Resort zdrowia zaznacza także, że do reformy opieki psychiatrycznej przyczynić się może zwiększenie bazy Centrów Zdrowia Psychicznego i zwiększanie liczby oddziałów psychiatrycznych przy szpitalach ogólnych.
Odpowiedź NFZ
Narodowy Fundusz Zdrowia zaznacza, że liczba osób posiadających wykształcenie psychologiczne udzielających świadczeń jest wyższa, ponieważ psychologowie są również wykazywani wśród osób, sprawozdawanych do NFZ jako: psychoterapeuci, specjaliści psychoterapii uzależnień oraz specjaliści terapii uzależnień, zależnie od zdobytych po ukończeniu studiów psychologicznych dodatkowych kwalifikacji zawodowych.

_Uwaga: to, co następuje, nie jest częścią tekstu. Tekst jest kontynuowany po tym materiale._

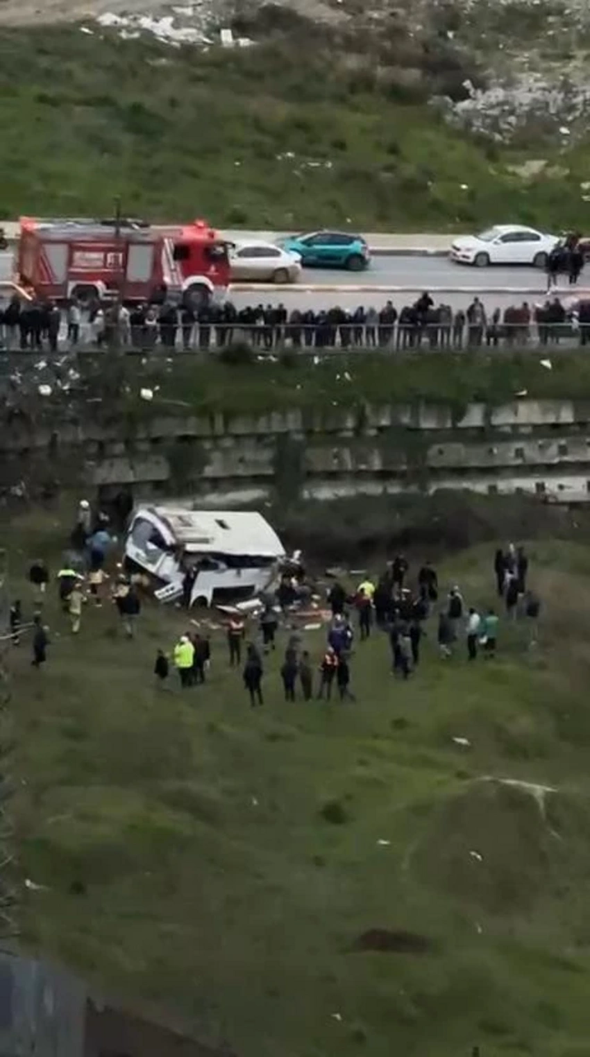 В районе Эсеньюрт города Стамбул микроавтобус, перевозивший рабочих, съехал с дороги и перевернулся.

"Ponadto warto podkreślić, że ze świadczeń opieki psychiatrycznej i leczenia uzależnień można również skorzystać (w zależności od potrzeb i stanu zdrowia) w: poradni, ośrodku dziennym, izbie przyjęć, szpitalu" - czytamy w oficjalnym piśmie NFZ przesłanym do Wirtualnej Polski.
- Jeżeli pacjent dzwoniąc do przychodni usłyszy informacje o jakimś odległym terminie przyjęcia do lekarza, może zadzwonić do swojego oddziału wojewódzkiego NFZ i zapytać, gdzie taką pomoc uzyska w krótszym terminie.Taką też informację można znaleźć na stronie internetowej funduszu w Ogólnopolskim Informatorze o Czasie Oczekiwania na Świadczenia Medyczne. Dane publikowane w Informatorze pochodzą bezpośrednio od świadczeniodawców. Placówki medyczne mają ustawowy obowiązek przekazywania co miesiąc informacji o liczbie oczekujących, średnim czasie oczekiwania, a co najmniej raz w tygodniu o pierwszym wolnym terminie udzielenia świadczenia - mówi Wirtualnej Polsce rzecznik prasowy NFZ Sylwia Wądrzyk. - Aktualnie, według informacji przekazanych przez palcówki medyczne, w poradni zdrowia psychicznego czas oczekiwania w skali kraju w przypadku pilnym wynosi 1 dzień, w przypadku stabilnym 28 dni - dodaje.
* Imię bohaterki, na jej prośbę, zostało zmienione.